ROBERT R. CALDER serapion at btinternet.com
Thu Apr 15 00:10:09 PDT 2010


As I recall, and the details should be in the Mosaic set, one of the sides of the Buck Clayton jam session CD was originally issued in an edited form, so that instead of hearing Urbie Green develop an idea stated earlier by Henderson Chambers the listener got the equivalent of Henderson Chambers following up with a snippet from Urbie Green's solo.  I am sketchy about the details (which were probably in the sleevenote of the mid-price reissue of the jam sessions c.1970) but obviously this indicates that somebody thought switching the course of the performance around lessened impressions of monotony by pushing one bit of the sequence into an earlier position.
Perhaps some misguided person supposed there was a sort of extra interest in Urbie's solo when what he was really hearing was the echo of the Henderson Chambers bit?  

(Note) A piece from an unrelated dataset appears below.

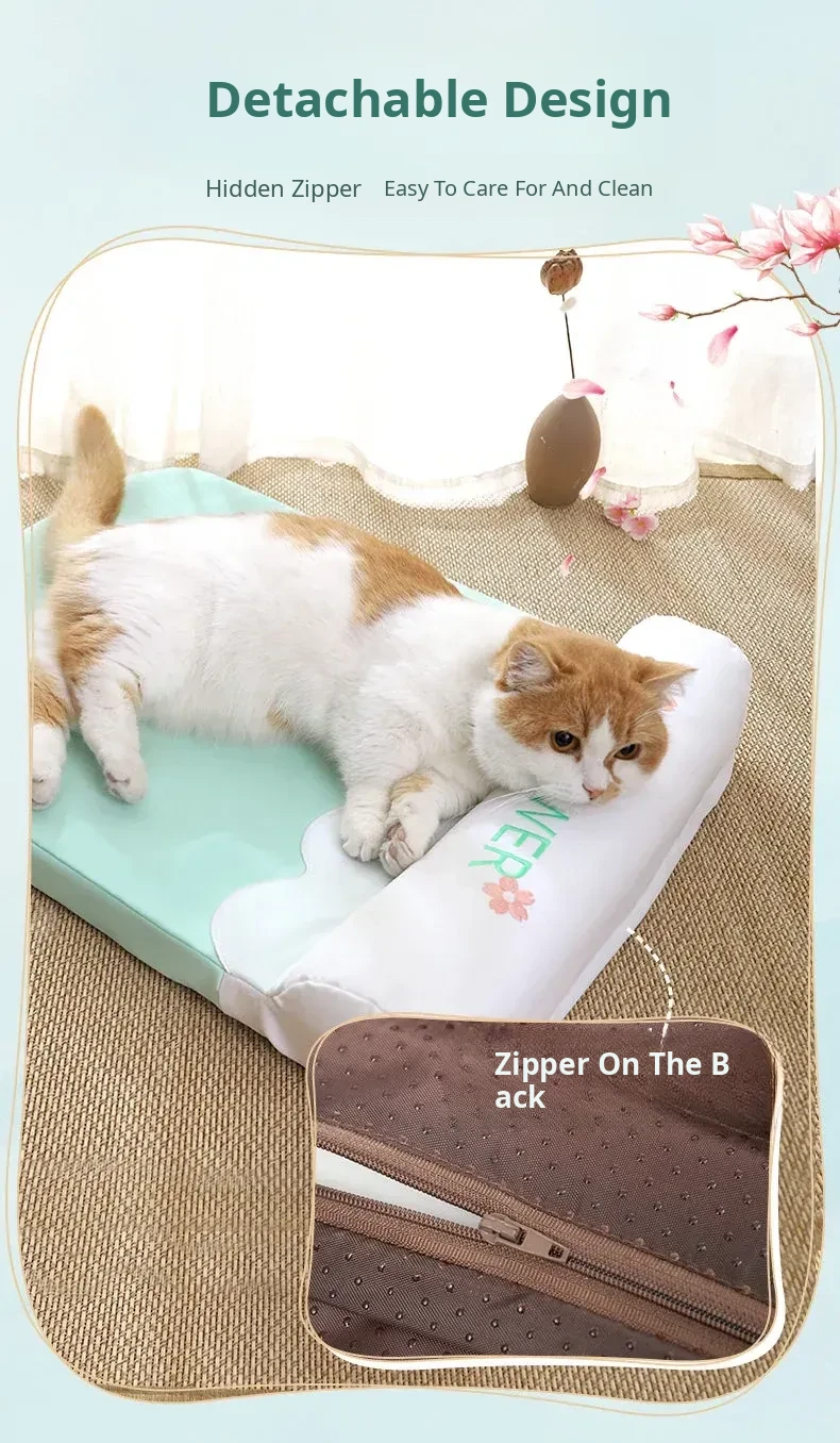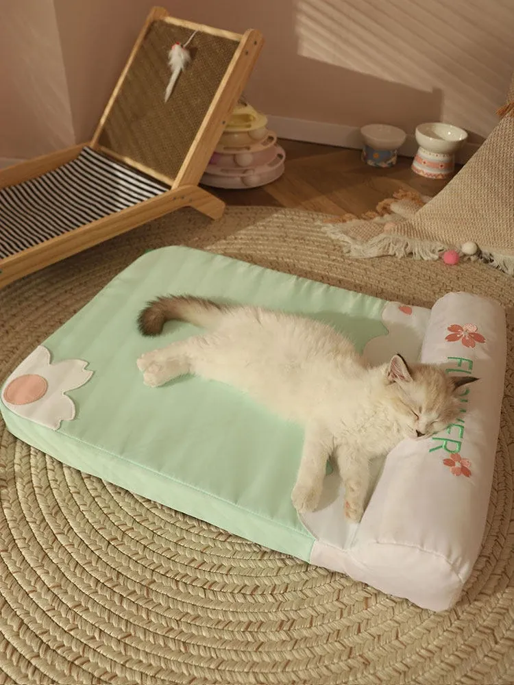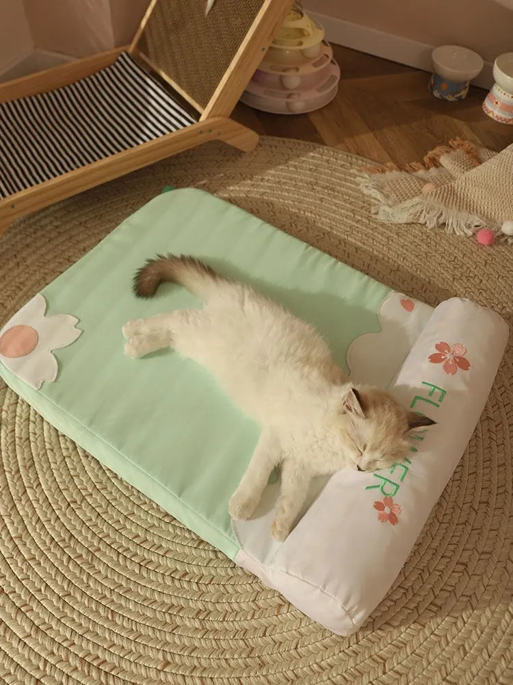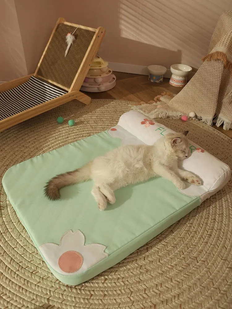 [Fully Removable and Washable] Four Seasons Embroidered Cat Mat Sleeping Mat - Fresh Green(The Thickness of the Mat Is 1.57in and It Is Fully Detachable and Washable)

There is always the problem with performances such as those, of falling between the one ideal of the symphonic poem, and the other of music to drink along with. Some sections fall into a background category, others thrust themselves forward and the glasses go down as distractions from attention, and to leave both hands free for applause. Of course if everybody is really going, and on form, the solo determines its own length -- when Bobby Watson did his Johnny Hodges programme in Edinburgh a few years back, it was nice to see him convening meetings in the middle of one and another performance and deciding with Alan Barnes and Joe Temperley and Bancroft the saxophone etc. on riff support etc. Just like a general on the battlefield meeting with officers to organise the continued pursuit of the battle. In fact even more like Buddy Tate on the bandstand doing the identical business. 
If you want an extended Dixieland performance get a chair or two, and let two hornmen have the floor letting the other(s) sit out, and forget any notion of so many bars each. 
Let alone Mulligan and Brookmeyer, there have been and are two-man front lines -- and either three together or simply a solo is just too limited an approach.